The importance of millennials in driving the new digital era was a major topic at the Telecom Review Summit in held in Lebanon. Millennials as consumers are driving the consumer market – demanding what they want, how they want it, and how much they are willing to pay. The general consensus at the event was that it’s time to embrace the needs of millennials or risk being left behind.

During a panel discussion at the Telecom Review Summit on serving the younger generations’ expectations, Rafiah Ibrahim said it’s important for the telecom industry – including operators, vendors, and equipment suppliers – to understand and cater for the millennial generation because they represent the future and will set new standards.

But catering to millennials isn’t always easy. They tend to “think very fast as consumers and drive new trends quickly,” Rafiah explained to Telecom Review on the sidelines of the event. The solution, she said, is to bring more millennials into organizations so they can be the ones to create new ideas and influence business decisions.

It’s important to remember, however, that as employees, millennials often don’t want to spend too long in a job position. To millennials, feeling fulfilled by their work is more important than how much money they make, Rafiah suggested, and they will pursue other available opportunities that suit their needs.

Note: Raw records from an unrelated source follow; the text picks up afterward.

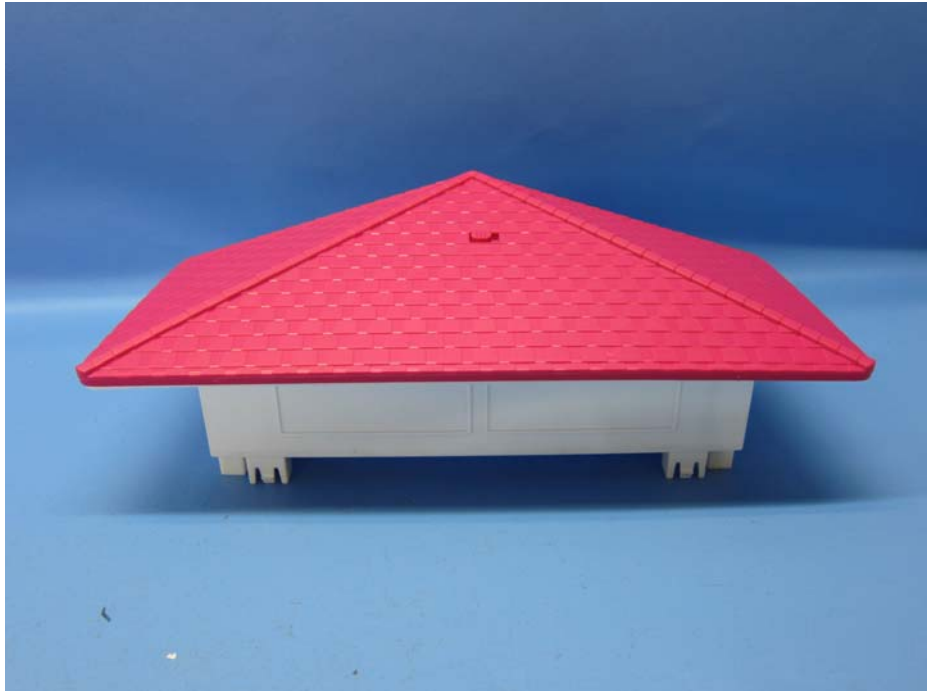
Figure 5 – Back view (Roof Unit)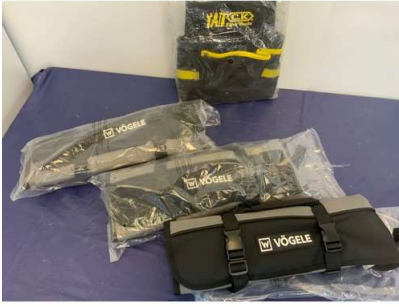
95. M - 3X VOGELE TOOL BAGS & CK TOOL BELT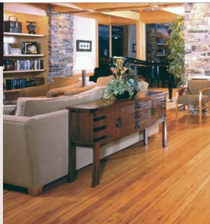
Exquisite site-finished flat grain "caramelized" bamboo flooring.

One very appealing advantage bamboo flooring offers is that it is produced from an environmentally sustainable and rapidly renewable resource. Hardwood trees require 40 to 60 years to grow.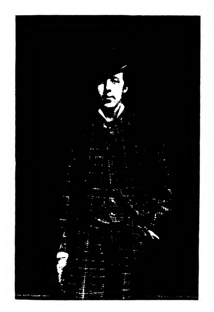
OSCAR WILDE AT OXFORD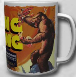
OILRKOKKMG01 £4.34 (6) King Kong Original Film Poster Mug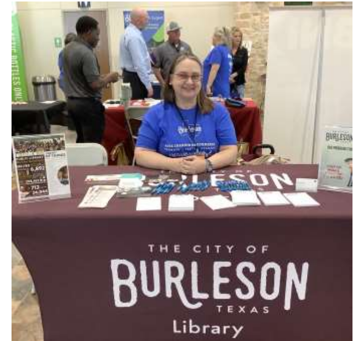
Burleson Business Showcase (with Burleson Chamber of Commerce)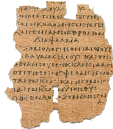
Septuagint 4th Century BCE Psalm 89:4-7

There are a number of legends, but few facts available as to its creation. The common thread is that there was a clear need for a Greek language version of the Hebrew scriptures in and around the area of Alexandria, Egypt where many Jewish people had settled after the Babylonian captivity. After this area was conquered by Alexander the Great, the Greek language became wide-spread and eventually the Jewish people began to use Greek as their primary language. Because of the 300+ year influence of the Greek culture on the Holy Land, the LXX became widely accepted by the first century Jewish people, and as we’ve already seen, was used by, and had apparently become the preferred source of OT quotes by the NT writers.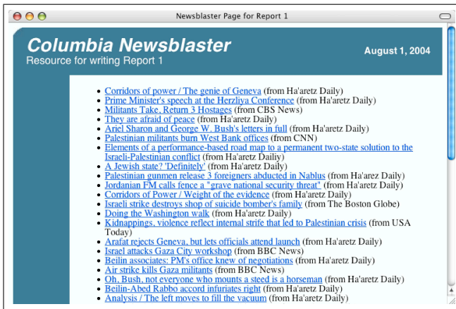
Figure 2: The evaluation interface screen showing the list of documents that a user sees in the no summary condition.

were peripherally related. 1 Hence there were sixteen clusters in the study overall. We selected the clusters by doing a manual search through Newsblaster clusters to find groups that were either peripherally or closely related. Each cluster contained, on average, ten articles. Subjects thus had to find relevant information within forty articles to answer in-depth analysis questions for each of four scenarios. While all of the articles were related to the scenario topic, only about half of the articles contained answers to the specific questions.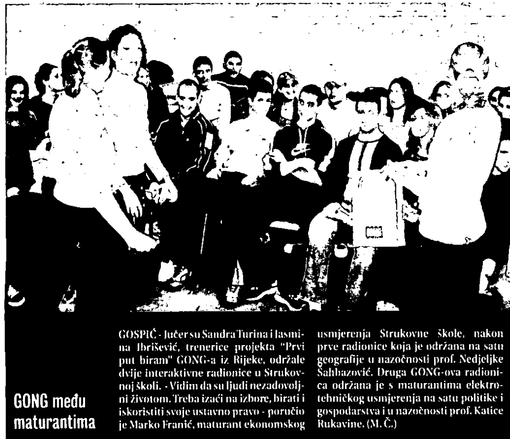
GONG među maturantima

The project was evaluated as extremely successful, especially its organization, and all persons who participated in the project expressed their satisfaction with the results that were achieved and the work they did. Trainers/lecturers made only two recommendations - not to give out condoms next year; and not to use the chart number three, To Vote and be Voted For because it is unnecessary.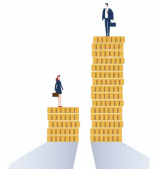
The textile sector employs more than 30% of female workforce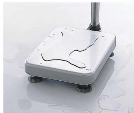
IP65 base unit with a SUS430 pan

In addition to being intrinsically safe, the base unit of the HV-CEP/HW-CEP series can be washed with water and can weigh wet objects without problems. Further, the surface of the pan is resistant to chemicals, scratches and rust, and easy to keep clean and hygienic.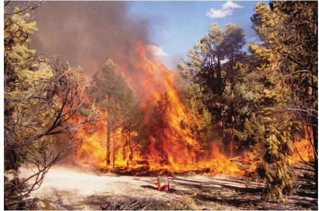
Use of prescribed fire in pinyon–juniper woodland.

The probability that a given shrubland will transition to woodlands, to nonnative annual grasses, or both is linked to three ecological concepts: ecological resistance, ecological resilience, and thresholds. 20 Ecological resistance is the degree to which a community maintains itself over time despite the introduction of invasive species. Ecological resilience describes the ability of a community to return to its predisturbance and, presumably, its pre-invasion state after a disturbance. Threshold crossings occur when a community does not return to the original state via natural processes following disturbance, but requires active management to restore the original state. 21,22 Research and management projects aimed at understanding the factors that influence ecosystem resistance to invasive species and resilience after fire and other types of disturbance are needed both to prioritize areas for restoration and other management activities, and to develop effective treatments for different types of ecosystems. 20 Defining the specific soil characteristics, vegetation composition, and abundance of different ecological types that are likely to result in recovery versus threshold crossings can be used to refine restoration and other management strategies. Further, increasing our

“If millennials feel they can make money faster in a different way – such as starting their own business – they will pursue it without question,” she said. For legacy companies like Ericsson, the question is how to retain millennials that are employed and keep them engaged enough to feel satisfied. Retaining millennials is difficult, Rafiah added, because of the ease of travel today and the work opportunities available to millennials overseas.  

Ericsson recognizes the benefits that millennials bring to the company, said Rafiah, reflecting on a recent announcement Ericsson made at Mobile World Congress 2018. In the Middle East and Africa, Ericsson plans to launch innovation hubs in 2018, spin offs of the Ericsson Garage concept – labs designed to explore future technology through Lean Startup Methodology, taking new ideas through to commercial viability.

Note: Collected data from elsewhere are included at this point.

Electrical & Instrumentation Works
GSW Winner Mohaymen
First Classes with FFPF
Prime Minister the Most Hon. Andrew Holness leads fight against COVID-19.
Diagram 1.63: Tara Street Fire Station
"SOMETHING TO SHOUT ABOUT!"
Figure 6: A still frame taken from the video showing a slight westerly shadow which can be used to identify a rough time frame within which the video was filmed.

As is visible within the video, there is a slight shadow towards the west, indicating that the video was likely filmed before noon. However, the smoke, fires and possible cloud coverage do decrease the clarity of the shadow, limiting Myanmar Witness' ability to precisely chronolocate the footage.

The innovation labs will “encourage collaboration as an ecosystem,” said Rafiah, where the company will work with operators and invite start-up companies to collaborate. “Operators know the consumers,” she said, “so we bring the operators together along with academia and startups to form collaborations and foster innovation in the field of ICT.”  

On the topic of millennials in Africa and the Middle East, the region Rafiah is in charge of, she said the generation faces unique challenges compared to counterparts in other areas of the world because of political turmoil and security issues. As a result, many young people don’t want to live long-term in the region, she said, often opting to work in Europe or the United States.

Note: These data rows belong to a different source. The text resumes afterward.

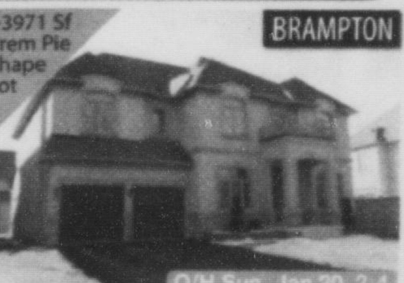
~3971 SF Prem Pie Shape Lot O/H Sun, Jan 20, 2-4 27 Beacon Hill Dr $974,900 5 Bdrms • 4 Washrooms • Edinburgh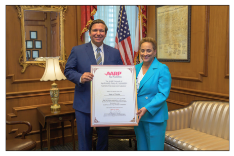
State of Florida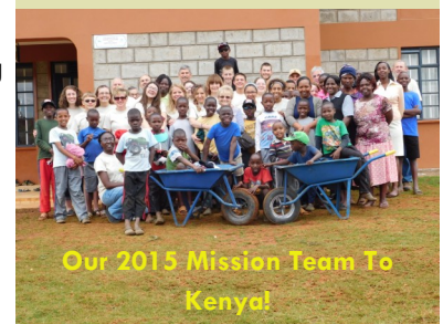
Our 2015 Mission Team To Kenya!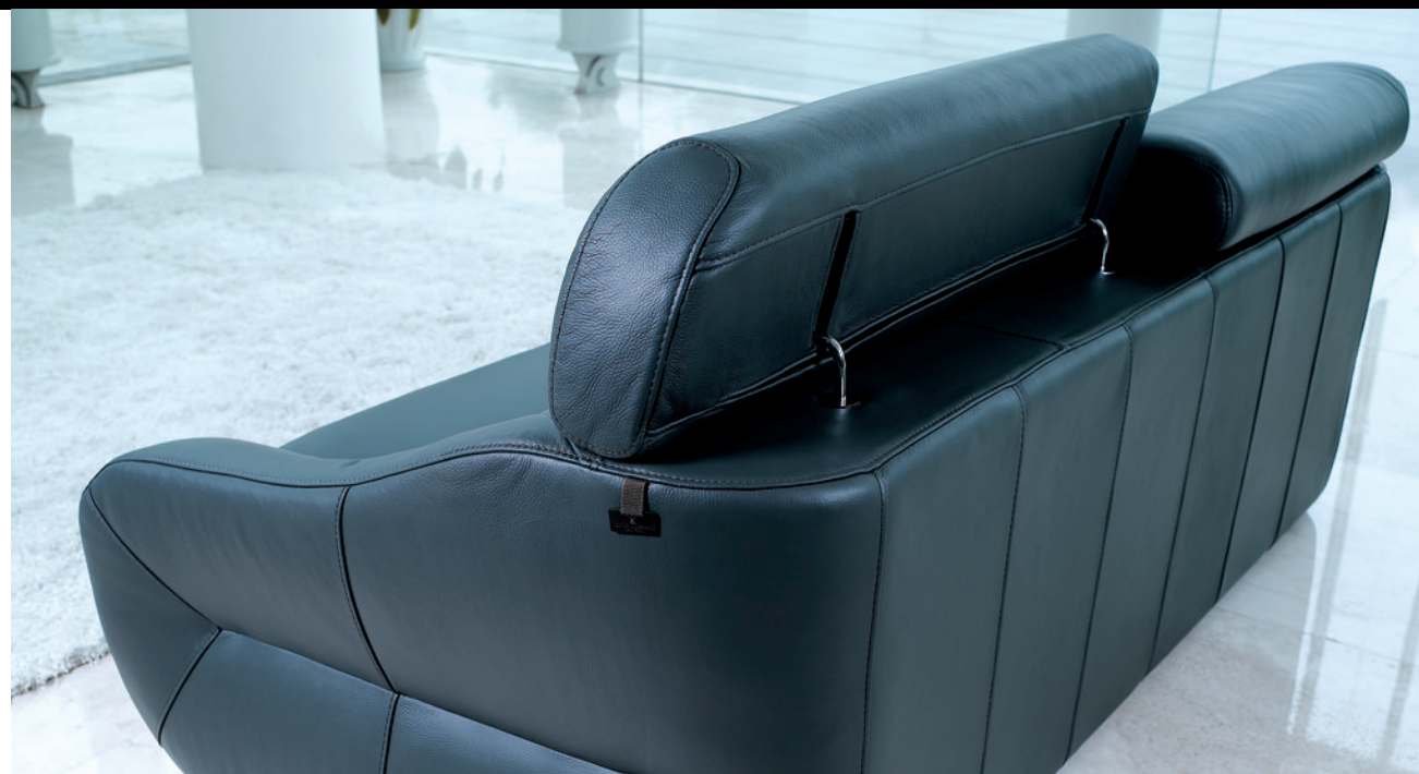
German-made head mechanisms (with various locking positions) offer extra comfort and head support when needed.

“That is my problem today – trying to retain millennials and interest them in staying in the region,” said Rafiah. Solutions to this might include local universities partnering with universities abroad to offer the same courses to generate more interest among students in pursuing their studies locally, she said.

However, there is nothing wrong with experiencing life abroad, Rafiah stressed – in fact, she encourages it and said it’s a contributing factor to why millennials see the world a lot more open-mindedly than previous generations. Rafiah said Ericsson wants millennials in the region to feel they can come back home after they have had their experience abroad.

To entice millennials to come home, countries in the Middle East and Africa need to invest more in infrastructure and make business easy to conduct. In the UAE, for example, free trade zones (FTZs) are special economic zones set up with the objective of offering tax concessions and customs duty benefits to expatriate investors. There are more than 30 Free Zones operating in Dubai.